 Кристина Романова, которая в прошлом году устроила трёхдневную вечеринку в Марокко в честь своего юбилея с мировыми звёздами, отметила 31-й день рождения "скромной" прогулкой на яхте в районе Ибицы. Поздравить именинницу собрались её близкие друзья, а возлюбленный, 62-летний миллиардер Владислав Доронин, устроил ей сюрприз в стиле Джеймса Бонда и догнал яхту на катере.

--

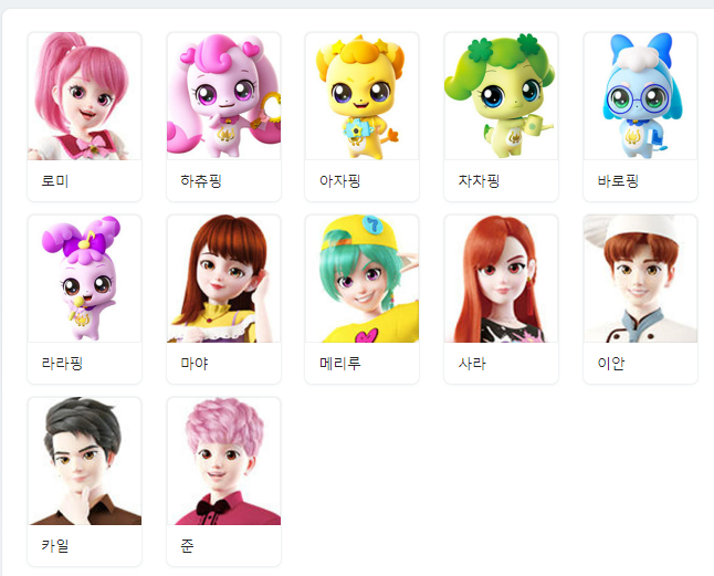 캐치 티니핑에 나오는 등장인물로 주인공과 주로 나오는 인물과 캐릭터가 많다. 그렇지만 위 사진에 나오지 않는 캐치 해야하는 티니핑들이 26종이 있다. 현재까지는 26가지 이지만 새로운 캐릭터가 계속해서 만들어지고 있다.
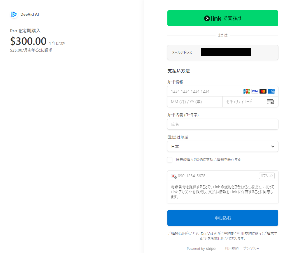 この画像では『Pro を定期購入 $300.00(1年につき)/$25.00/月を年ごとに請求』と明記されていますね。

== Assignment ==
From the material above, reproduce only what runs from the line holding "캐치 티니핑에 나오는" down to the line holding "この画像では『Pro を定期購入 $300.00(1年につき)/$25.00/月を年ごとに請求』と明記されていますね。", both included, pictures excluded.

== Solution below ==
 캐치 티니핑에 나오는 등장인물로 주인공과 주로 나오는 인물과 캐릭터가 많다. 그렇지만 위 사진에 나오지 않는 캐치 해야하는 티니핑들이 26종이 있다. 현재까지는 26가지 이지만 새로운 캐릭터가 계속해서 만들어지고 있다.
 この画像では『Pro を定期購入 $300.00(1年につき)/$25.00/月を年ごとに請求』と明記されていますね。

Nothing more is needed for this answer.